Я не была уверена в том, что все так просто, и нахмурилась,
размышляя:
– Допустим, они их убили. Хотя… ну скажи на милость, с какой
стати?
– Ты что, не слышала? С войны из деревенских никто не
вернулся. Отцы, мужья, братья, сыновья. Сколько их было? И все сгинули. А здесь
эти живут. Может, тяжело живут, в плену, но живут. Это была месть, которую
поспешили списать на несчастный случай. Храм не жалко, его и так разбирали, а
пленных… их в первую зиму перемерло столько же, двумя десятками больше, двумя
меньше.
– Все это ясно, но… прошло несколько лет. Я понимаю, если бы
это случилось сразу, но четыре года – большой срок, раны затягиваются, к тому
же мы, слава богу, никогда особой злопамятностью не отличались. Тут должно быть
что-то такое… Опять же, зачем сюда Кошкина приезжала?

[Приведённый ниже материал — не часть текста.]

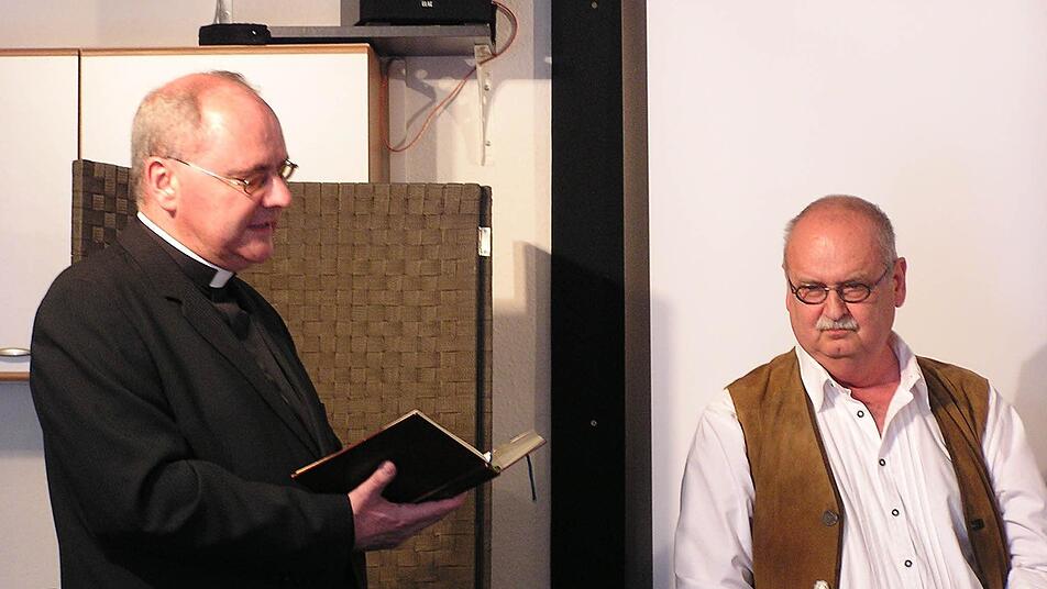 Bürgermeister Gerald Brehm hieß das Ehepaar Schramm mit ihrer Rückkehr nach Höchstadt und ihrem kulturellen Engagement für die Stadt herzlich willkommen. Auch Dekan Kilian Kemmer würdigte die Zusammenarbeit in der Vergangenheit mit Ausblick auf künftige Projekte und segnete sodann mit einem Gebet Kreuz und Vereinsarbeit.

И что нашла в бумагах
отца?
– Смотри, что получается, – горячилась Женька. –
Погибли только немцы, охрана, скорее всего, была предупреждена, то есть папаша
Кошкиной знал о злодействе. И возможно, оставил что-то вроде воспоминаний.
– И из-за них Кошкину убили? – вздохнула я.

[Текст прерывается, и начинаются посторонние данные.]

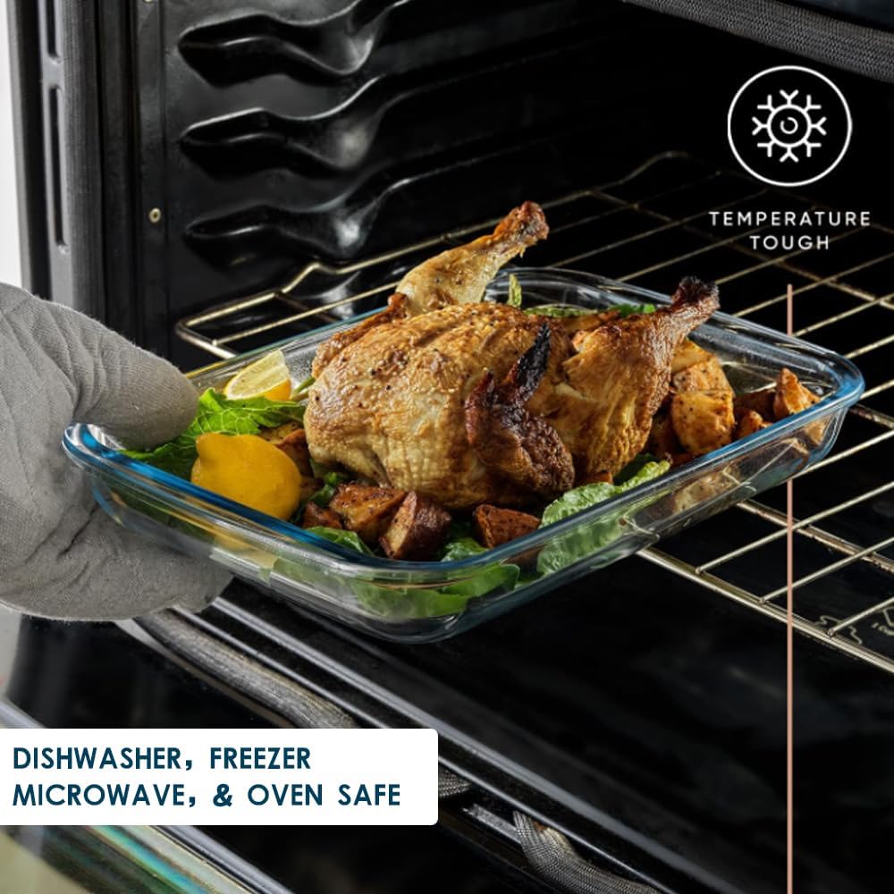 HIGH QUALITY LARGE FOOD GRADE BAKING PAN SET: Our baking dishes are made of borosilicate glass, can be used in microwave, oven, freezer and dishwasher, goes straight from the refrigerator to the microwave or oven to the table without the risk of cracking or shattering.

– Да, как-то нескладно получается. Допустим, он назвал
фамилии убийц, но их, скорее всего, уже нет в живых, да и срок давности…
– Опять же, ей незачем было приезжать сюда. Желала
полюбоваться на дело рук папаши? Довольно сомнительно. Я могу понять местных,
слава убийц им ни к чему, вот они о тех временах и предпочитают молчать. Однако
по-прежнему не ясна роль Кошкиной. И все той же Натальи. Кто звонил из монастыря,
зачем звонил? Полная неразбериха.
– Это точно. А еще надпись на кресте кто-то оставил.
– Слушай, а что сестры о своих мужьях говорили?
– Все трое погибли в результате несчастных случаев, –
мутно посмотрев на меня, ответила Женька. – И волки выли… Анфиса…
– Только без мистических бредней, пожалуйста, –
попросила я. – Предположим, взрыв не случайность, но даже это надо еще
доказать.
– По мне, так все яснее ясного.
В этот момент у Женьки забренчал мобильный – звонил Петечка
с вестью, что Петренко Степан Иванович служил как раз в тех краях, где мы с
Женькой в настоящий момент голову ломали над загадками более полувековой
давности.
– Спасибо, родной, – презрительно фыркнула
Женька. – Мы это и без тебя успели узнать. – Поспешно и без всякого
намека на благодарность она с ним простилась, после чего решила позвонить
Волкову. – Пора бы ему освободиться.
Оказалось, что Волков находится в музее. Мы сообщили, где
нас можно найти, и стали ждать его появления. Волков пришел через десять минут,
улыбаясь, предложил выпить кофе. В тот момент кофе интересовал нас мало, и мы
сразу полезли с вопросами.
– Значит, вас интересует та давняя история? – окинув
взглядом экспозицию, произнес он. – История, скажем прямо, непростая.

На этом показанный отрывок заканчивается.